If you want the imperative in Kant’s wording, complete with his formulations that accompany it, you can simply look at the Wikipedia article: en.wikipedia.org/wiki/Categorical_imperative

To explain the imperative, you might want to think back to the time when your parents or guardians used to scold you by saying, “Could you imagine if everybody did that!?” The Categorical Imperative does the very same: It regards an action, strips it of its context, and then tells us to imagine that the action was considered of moral worth, such that everybody did it constantly. If the consequences aren’t favorable, then the action is deemed immoral by the imperative. Kant also argues that if the perpetuation of an action would cause its own decline, then it must be immoral. For example, Kant contends that lying is wrong because lying is contingent on trust, and if everybody lied, trust would break down. Therefore, we would become unable to lie.

You’ll notice that very few actions, if any, are moral according to this standard. Not only that, the Imperative alone cannot determine the morality of an action: We have to determine whether the consequences are favorable. Since moral standards are supposed to tell us which consequences are favorable (or whether they can be favorable), and this is Kant’s lone standard, his ethical system seems incomplete–why should we think it bad that an action can’t be replicated constantly? Kant never seems to explain this.

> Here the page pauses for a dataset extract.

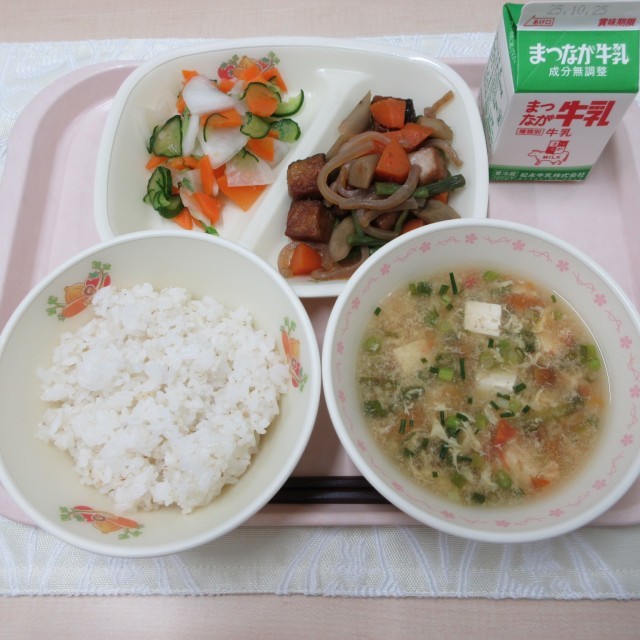 【献立】 麦ごはん 生揚げのきのこあんかけ 磯和え なめこ汁 牛乳 きのこがおいしい季節になりました。今日の献立には、何種類のきのこが使われているのか探してみてください。きのこは、食べ応えがありながら...
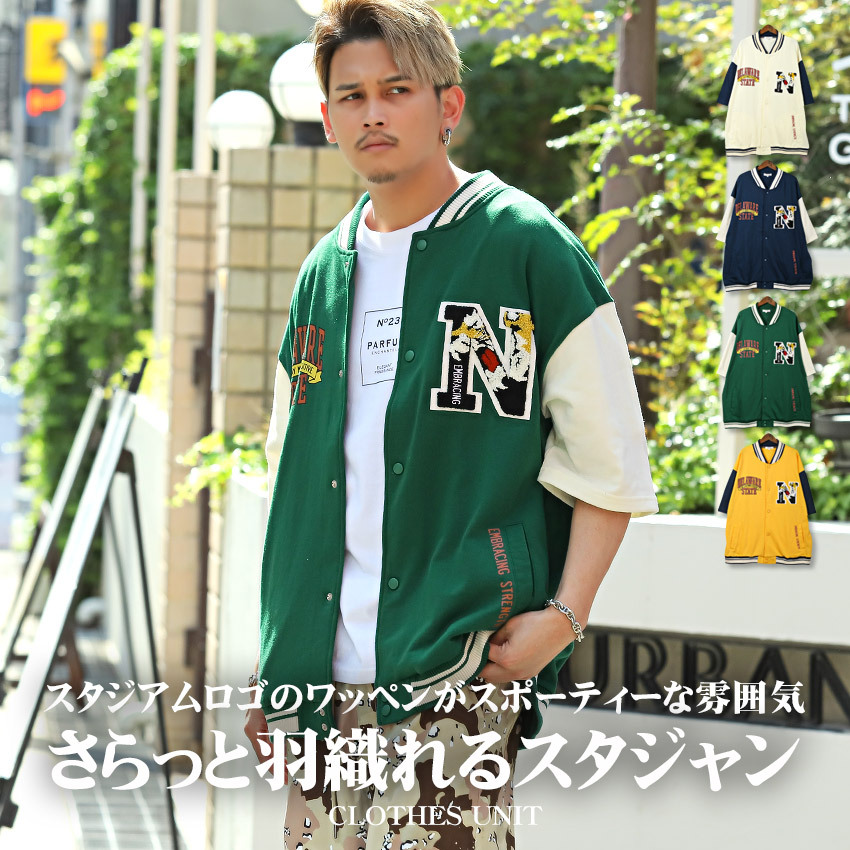 ▲送料無料▲ スタジャン メンズ アウター ストリート ルーズ ロゴ ワッペン サガラ刺繍 半袖

Lastly, in addition to Kant’s failure to explain why we ought to strip an action of its context in order to consider it, he never explains how much of the context we are permitted to disregard. In reference to his statements about killing, I must ask, “Although we may become unable to kill if everyone kills constantly, why would killing become an impossibility if everyone kills only in self-defense?” Why should we remove the “self-defense” stipulation?

I hope this helped, though you should probably gain an elementary understanding of philosophers’ works before asking such questions. Otherwise, it will all look like gibberish.
 
To the OP:

I don’t know that it’s adviseable to read a wiki article in place of the English translation of Kant’s Grounding of the Metaphysics of Morals. It is in that fairly short work that you’ll find a few formulations of the Categorical Imperative, as Kant himself states it.

Here are a couple of formulations that I recall:

“Always act in such a way that you can simultaneously will that the maxim by which you act should become a universal moral law.”

-or-

“You ought always to treat others as ends in themselves and never as a means only.”

The second formulation above has some obvious overlap with Christian morality. It is another way of affirming the dignity of the human person. The first formulation above is very interesting, but it would take a lot of effort to work out just how this very rationalistic moral sentiment intersects with Catholic Christian morality.